Washington remains a hub for reproductive health care post-Roe

As other states moved to ban abortion in 2022, elected officials, abortion providers and advocates worked to strengthen protections in Washington state.

Overhead view of a crow of protesters marching and holding signs

Demonstrators seen on the steps outside City Hall during a StopTheBans abortion-rights rally in Seattle, May 21, 2019. (Matt M. McKnight/Crosscut)

Early in 2022, abortion providers and advocates in Washington were preparing for Roe v. Wade to be overturned. In May and June, the rest of the country caught up, as the U.S. Supreme Court’s ruling in Dobbs v. Jackson Women’s Health threw the future of reproductive health care in America into chaos.


This is part of a series updating our readers on some of our top stories of the past year.

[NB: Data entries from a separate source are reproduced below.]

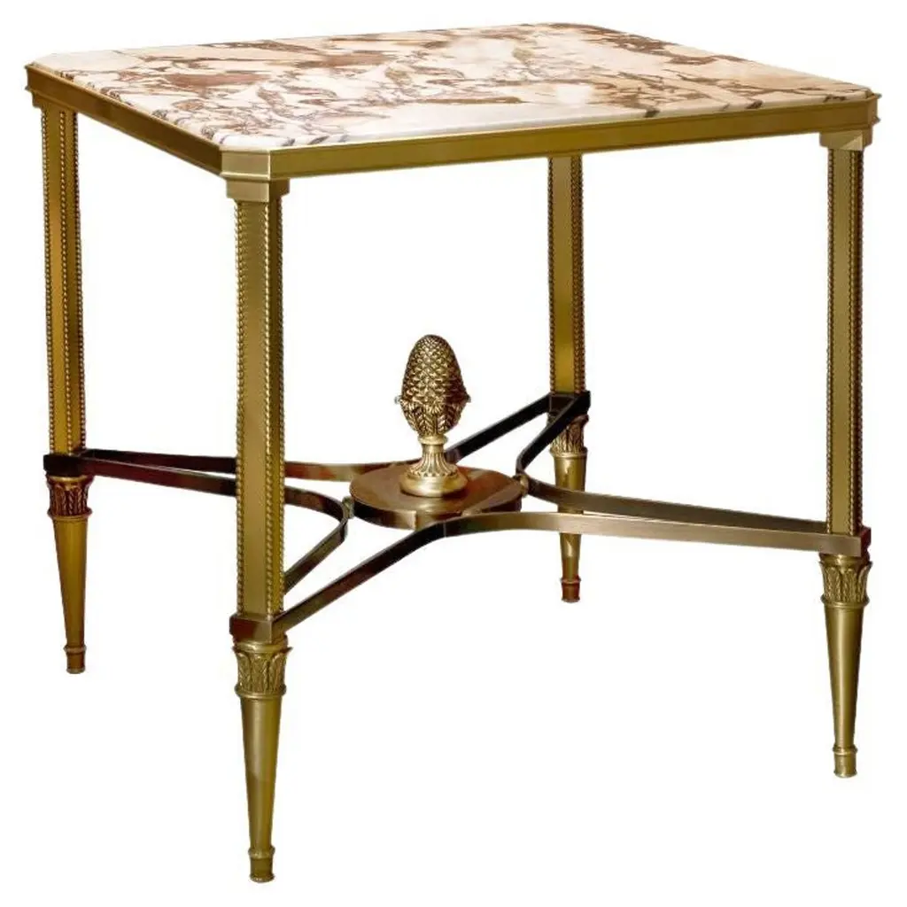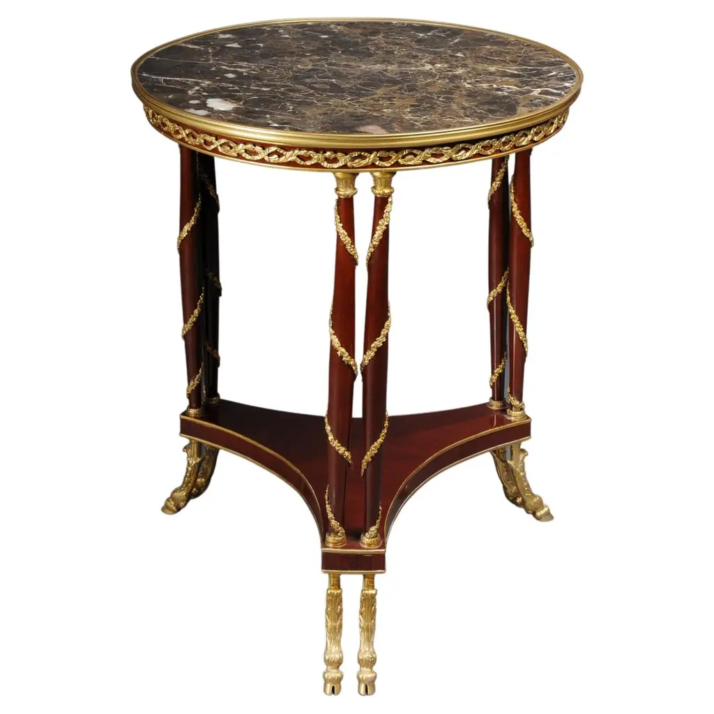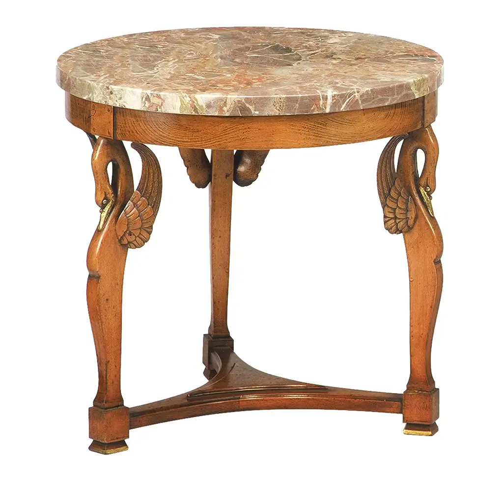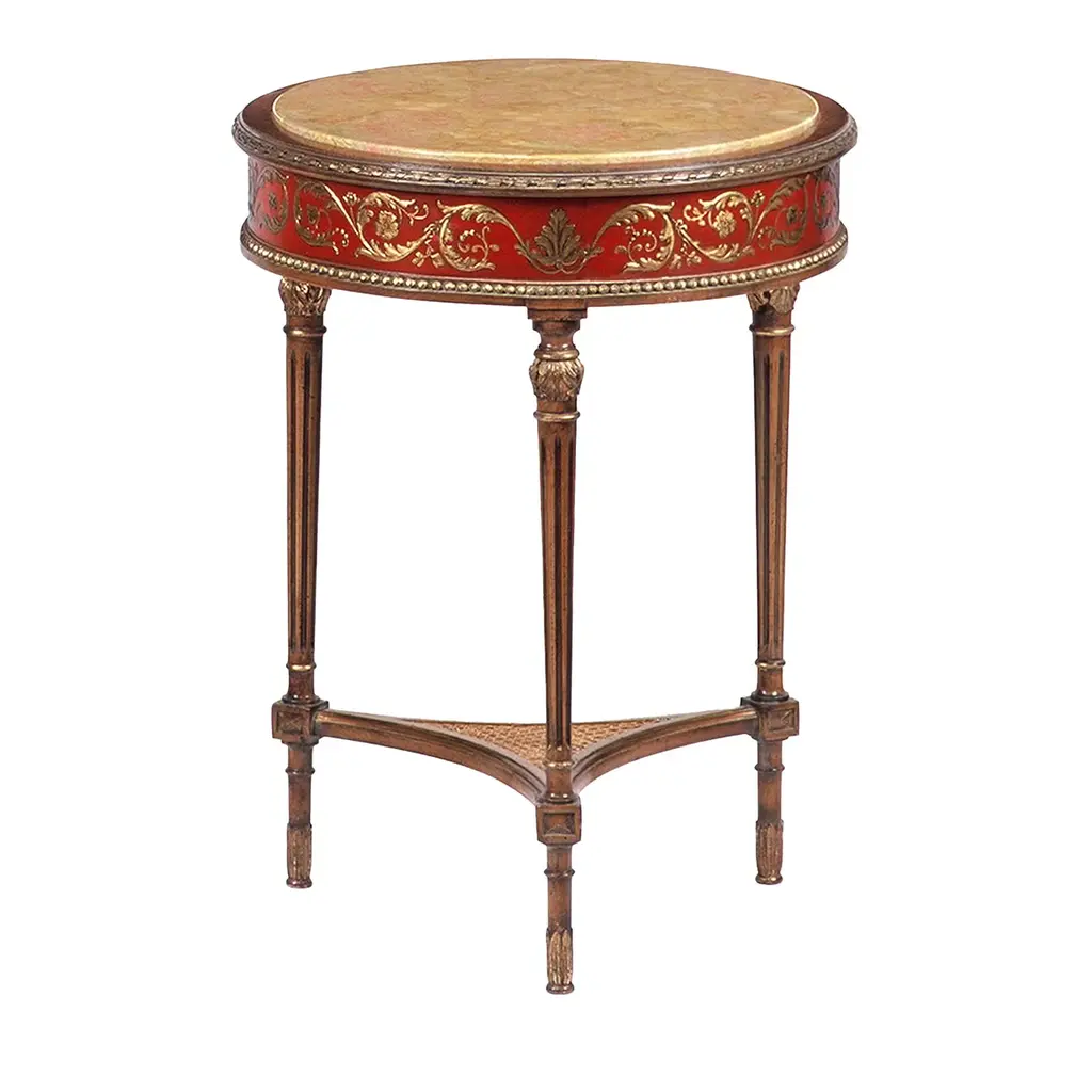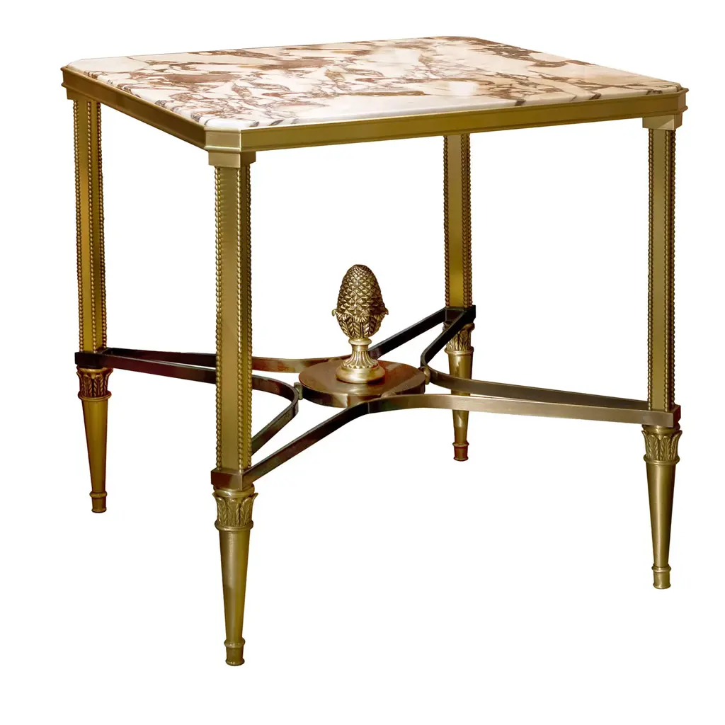 Indulging in rich hand-carved details, this side table is a minute reproduction of an original Victorian-age design (1837-1901). Superb carved detailing lend textural complexity to the legs' extremities, which contrast with the natural grain of the briar veneer accenting the frame's top sides. A top in superb Breccia Pernice marble and a four-form stretcher with finial complete the design.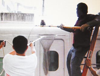這只獼猴大鬧三小時(shí)后,圍捕人員射出四支麻醉箭,獼猴中箭跌落高鐵車廂上。(圖片來(lái)源:臺(tái)灣《聯(lián)合報(bào)》)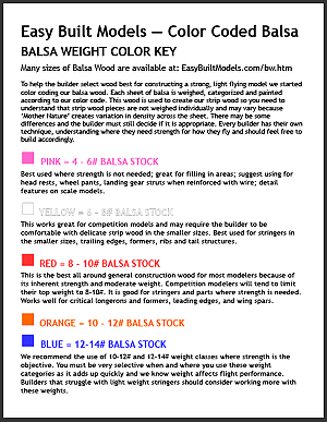 Easy Built Models — Color Coded Balsa — BALSA WEIGHT COLOR KEY Document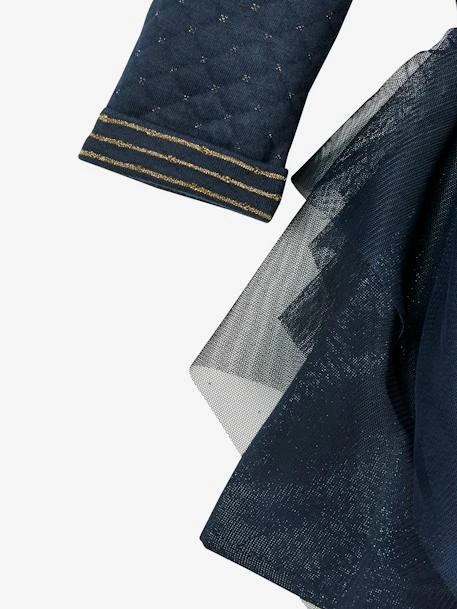 Robe bi-matière : Haut en molleton matelassé 63% coton, 31% polyester, 4% polyamide, 2% fibre métallisée.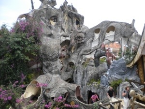 On the way back into town, we stopped at a scenic overlook into a beautiful green valley, and at an old US Army Airbase, where we drove right onto the old runway. We said goodbye to our riders, stopped for lunch at another veggie place ($8), and went to visit the Crazy House ($3 each). Designed by the daughter of the former President and head of Vietnam’s Communist Party, who studied architecture in France, this complex of 3-story houses is really crazy to see. It’s a cross between a maze and a haunted house, full of twisty staircases, small passageways you almost crawl through, and tightrope-esque walkways. It’s a lot of plaster and paint, and looks like it came right out of a Johnny Depp movie. The name says it all. Oh, and it’s a functioning hotel, if you ever want an out of the ordinary place to stay (each room has a theme, like beehive or termite nest).
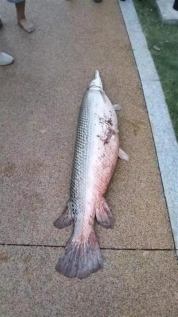 8月13日上午9時許,有網友發視頻稱,廣州白云湖公園又一次發現一條鱷雀鱔,非常腥臭。視頻中,有人抓著一條體長超過1米的大魚的嘴,將它從岸邊拖到道路上,路邊停放著一輛標注“治安巡邏”的電動車。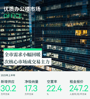 租金方面,上半年全市租金報價較去年年底下降3.0%至每月每平方米247.2元,有效租金下降4.3%至每月每平方米174.4元。各子市場均呈現(xiàn)出了不同程度的下滑。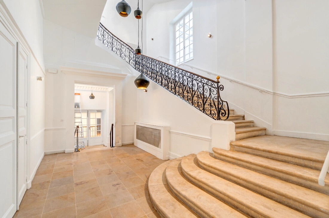 Un hôtel particulier haussmannien de haut standing. Une grande salle avec parquets et moulures, un escalier classé.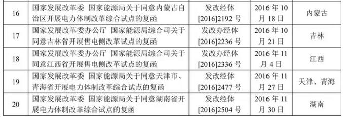 表:各省(区、市)电力改方案获批文件(截止2016年12月31日)

As states across the country have moved to ban abortion over the past six months, elected officials, abortion providers and advocates in Washington have done the opposite, working to strengthen existing protections for reproductive health care and the state’s longstanding status as a destination for abortion-seekers. As 2023 approaches, they’re reflecting on a year when abortion access entered the news cycle with new urgency, impacting policy, elections and even fundraising. 

Here’s what 2022 looked like on the ground. 

As the new year began, abortion providers were already coping with an influx of out-of-state patients. Long a destination for abortion-seekers from Idaho, Washington clinics began taking on patients traveling from Texas in late September 2021, less than a month after that state implemented a six-week abortion ban. It was in this environment of heightened need that Roe v. Wade would be overturned in June, driving even more patients to seek care across state lines. 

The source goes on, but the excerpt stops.